Any program in brainfuck can trivially be "translated" into an equivalent *brainfuck program, using cell 0 as the only data pointer; to do so, start the program with >+ so that cell 0 initially points to cell 1, then translate instructions as follow:

brainfuck *brainfuck
> >+
< >-
+ <+
- <-
. <.
, <,
[ <[
] ]

Note that this can be optimized by omitting redundant > and < in the *brainfuck code: only one occurrence of > is needed before each sequence of translated ><, and only one occurrence of < is needed before each sequence of translated +-.,[.

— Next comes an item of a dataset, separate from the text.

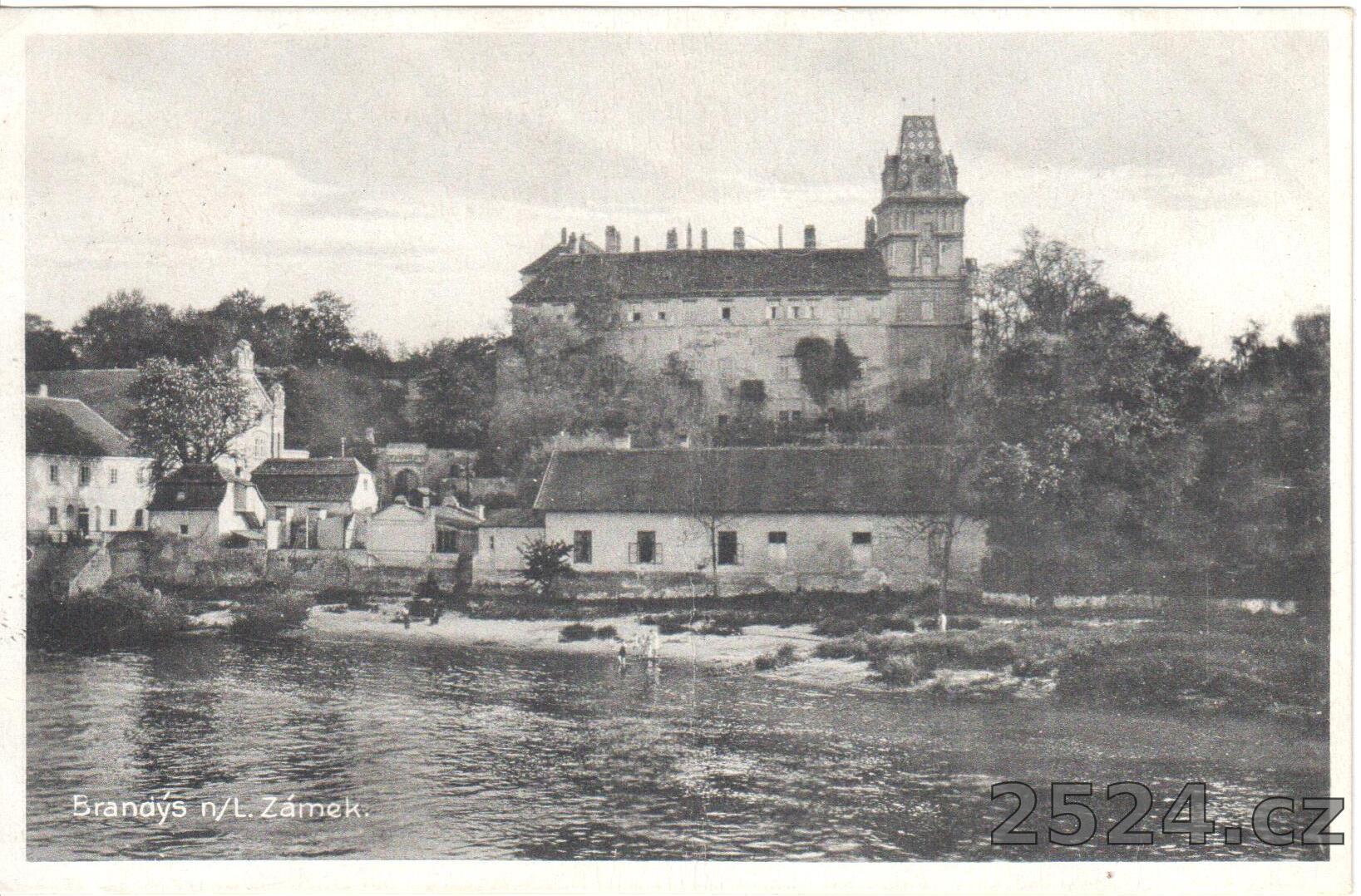 Popis: prošlá; koupající se postavy na písčité pláži pod zámkem....

However, such a vulgar translation is barely a mean of proving that *brainfuck is equivalent to brainfuck, and should never be seen in practice, as using only the first cell as a data pointer is a sign of misunderstanding of the unlimited potential provided by the *brainfuck programming language, in which every cell is a pointer!

Implementation

The following is an interpreter for *brainfuck, written in Ocaml. The tape is bounded (but the number of cells can be modified at the top of the source code), and cells contain Ocaml integers - numbers that are negative or bigger than the tape's size will produce an error when used as pointers, however. This interpreter considers that end of file does not affect the cell's content, though this can be changed easily, and that "the last number before" an instruction is always "the last number read by the instruction pointer" - if the program begins with an instruction instead of a number, the argument is considered to be 0 by default. It has been tested on the cat program >,[.[-]>,].

let tape_size = 10000

let tape = Array.create tape_size 0

let rec deref n =
  if n = 0 then 0 else tape.(deref (pred n))

let p = Sys.argv.(1)
let length = String.length p

exception Unmatched_beginloop
exception Unmatched_endloop

let jump =
  let rec jump_ acc i =
    if i = length then raise (Unmatched_beginloop)
    else match (p.[i], acc) with
      | ('[', _) -> jump_ (succ acc) (succ i)
      | (']', 0) -> succ i
      | (']', _) -> jump_ (pred acc) (succ i)
      | _ -> jump_ acc (succ i)
  in
  function i -> jump_ 0 (succ i)

let dejump =
  let rec jump_ acc i =
    if i < 0 then raise (Unmatched_endloop)
    else match (p.[i], acc) with
      | (']', _) -> jump_ (succ acc) (pred i)
      | ('[', 0) -> i
      | ('[', _) -> jump_ (pred acc) (pred i)
      | _ -> jump_ acc (pred i)
  in
  function i -> jump_ 0 (pred i)

let rec process i n t =
  if i < length then
    match (p.[i], t) with
    | ('>', true) -> process (succ i) (2 * n) true
    | ('>', false) -> process (succ i) 0 true
    | ('<', true) -> process (succ i) (2 * n + 1) true
    | ('<', false) -> process (succ i) 1 true
    | ('+', _) ->
      let k = deref n in
      tape.(k) <- tape.(k) + 1;
      process (succ i) n false
    | ('-', _) ->
      let k = deref n in
      tape.(k) <- tape.(k) - 1;
      process (succ i) n false
    | ('.', _) ->
      print_char (char_of_int tape.(deref n)); flush stdout;
      process (succ i) n false
    | (',', _) ->
      (try tape.(deref n) <- int_of_char (input_char stdin) with
       | End_of_file -> ());
      process (succ i) n false
    | ('[', _) ->
      if tape.(deref n) = 0 then process (jump i) n false
      else process (succ i) n false
    | (']', _) -> process (dejump i) n false
    | _ -> process (succ i) n false;;

process 0 0 false;;

To go further

In *brainfuck, every cell is identified by a nonnegative number, and every cell contains a nonnegative number; thus any cell is a pointer to another cell. But to dereference those pointers, *brainfuck uses nonnegative numbers... By that logic, we could imagine a new language, where every cell is a dereference operator!